I find that the Summit, New Jersey, residence of his parents was not defendant's dwelling house or usual place of abode at the time of the service of process. The service will therefore be vacated.

The motion to dismiss the complaint is based upon the doctrine of forum non conveniens. It is contended that since plaintiff lives in Maryland and the cause of action alleged arose in West Germany and none of the witnesses are in New Jersey, the New Jersey courts should not entertain the action.

The doctrine is one of comparatively rare application. A rather strong showing is required before plaintiff may be deprived of her choice of forum. The availability of another forum more convenient must be made to appear.

In this case the facts upon which application of the doctrine would depend have not been established by proof. For instance, the location of witnesses is argued but unproved.
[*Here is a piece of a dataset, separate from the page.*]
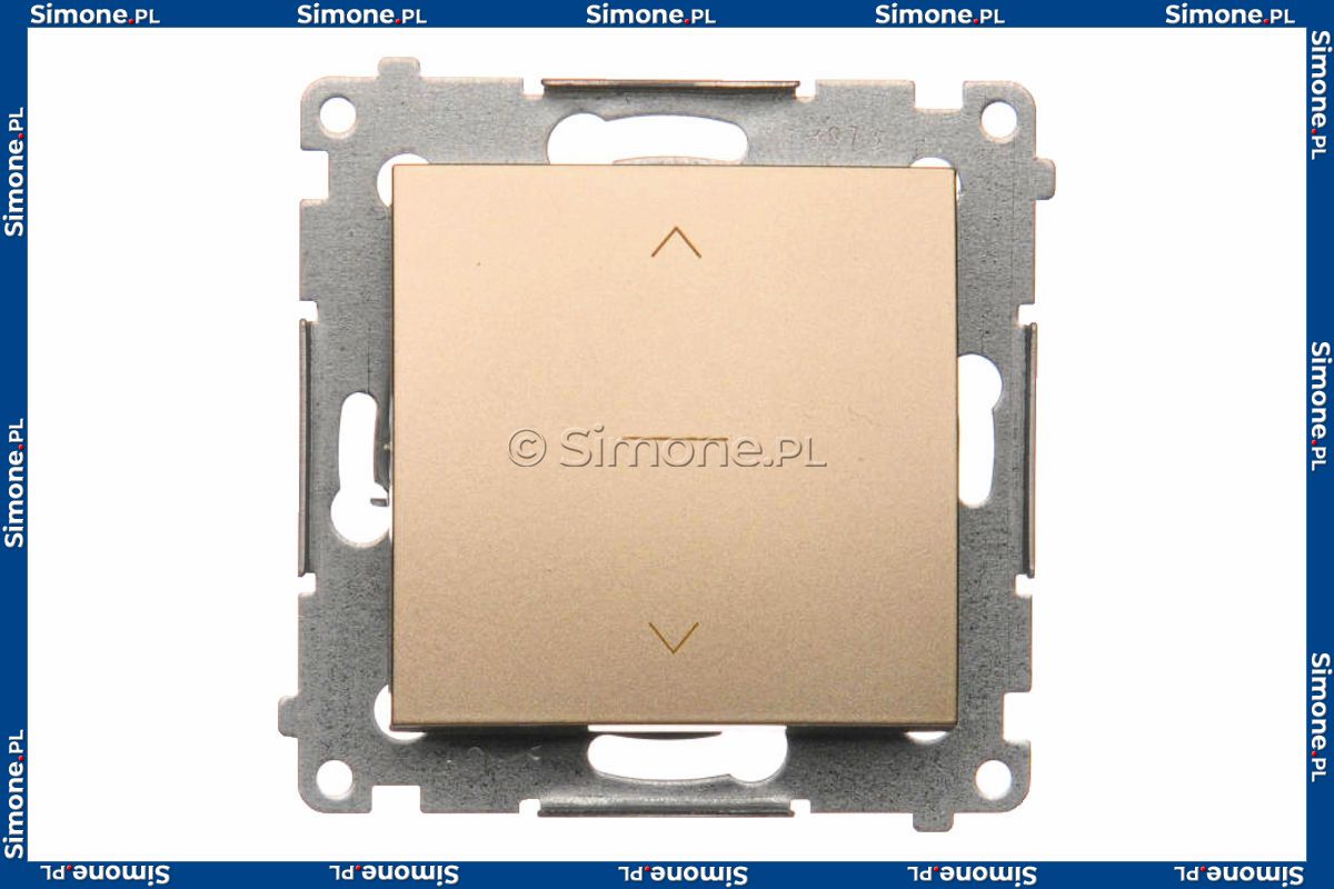 Łącznik żaluzjowy trójpozycyjny 1-0-2 10A z serii Simon 54 w kolorze złotym mat o symbolu DZW1K.01/44 przeznaczony jest do sterowania napędami żaluzji, rolet lub markiz w układzie góra–stop–dół. Produkt umożliwia precyzyjne i bezpieczne zarządzanie kierunkiem ruchu osłon okiennych z jednego punktu sterowania.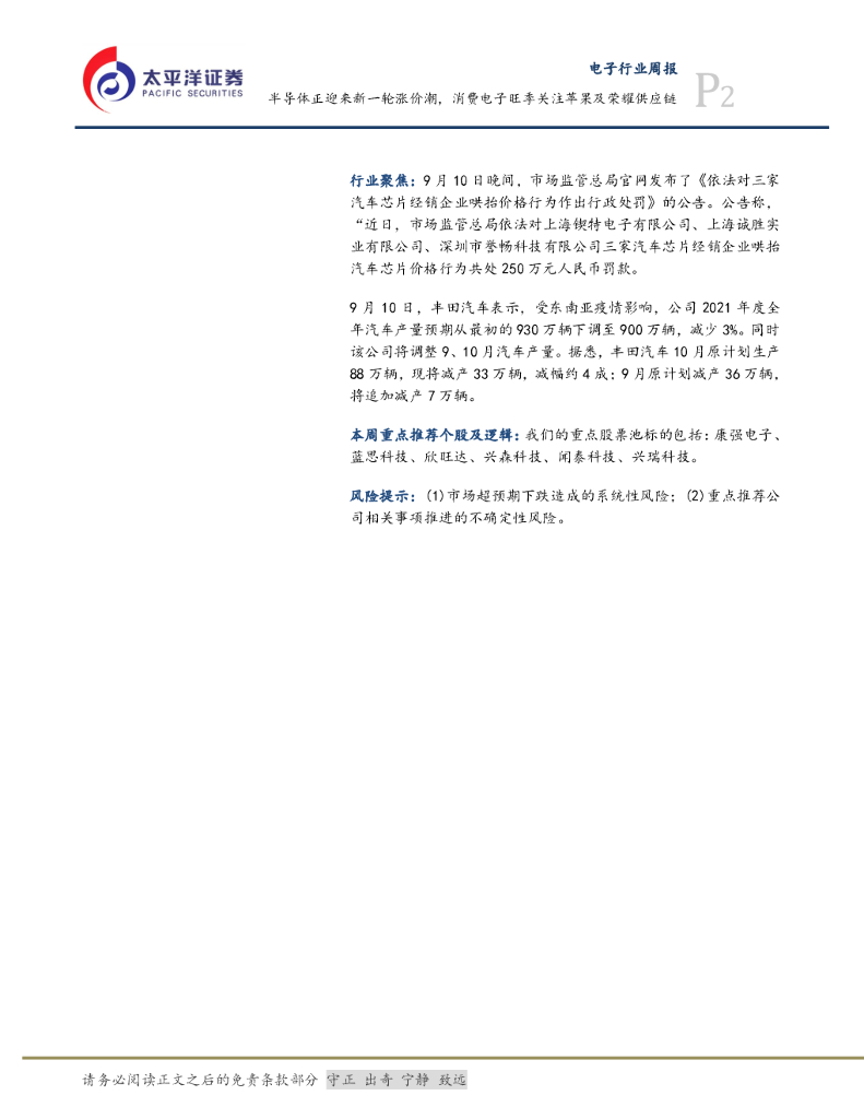 太平洋证券:电子设备、仪器和元件行业周报:半导体正迎来新一轮涨价潮,消费电子旺季关注苹果及荣耀供应链.pdf

Plaintiff may be able to obtain a writ of attachment in this case against property of the defendant. Cf. In re Gardinier's Estate, 40 N.J. 261 (1963). In that event jurisdiction quasi in rem may be obtained. In the alternative, defendant may within a reasonable time return to New Jersey and be served with process. Plaintiff should not be deprived of this opportunity to pursue her cause of action.

The motion to dismiss the complaint is denied. Neither party will be allowed costs.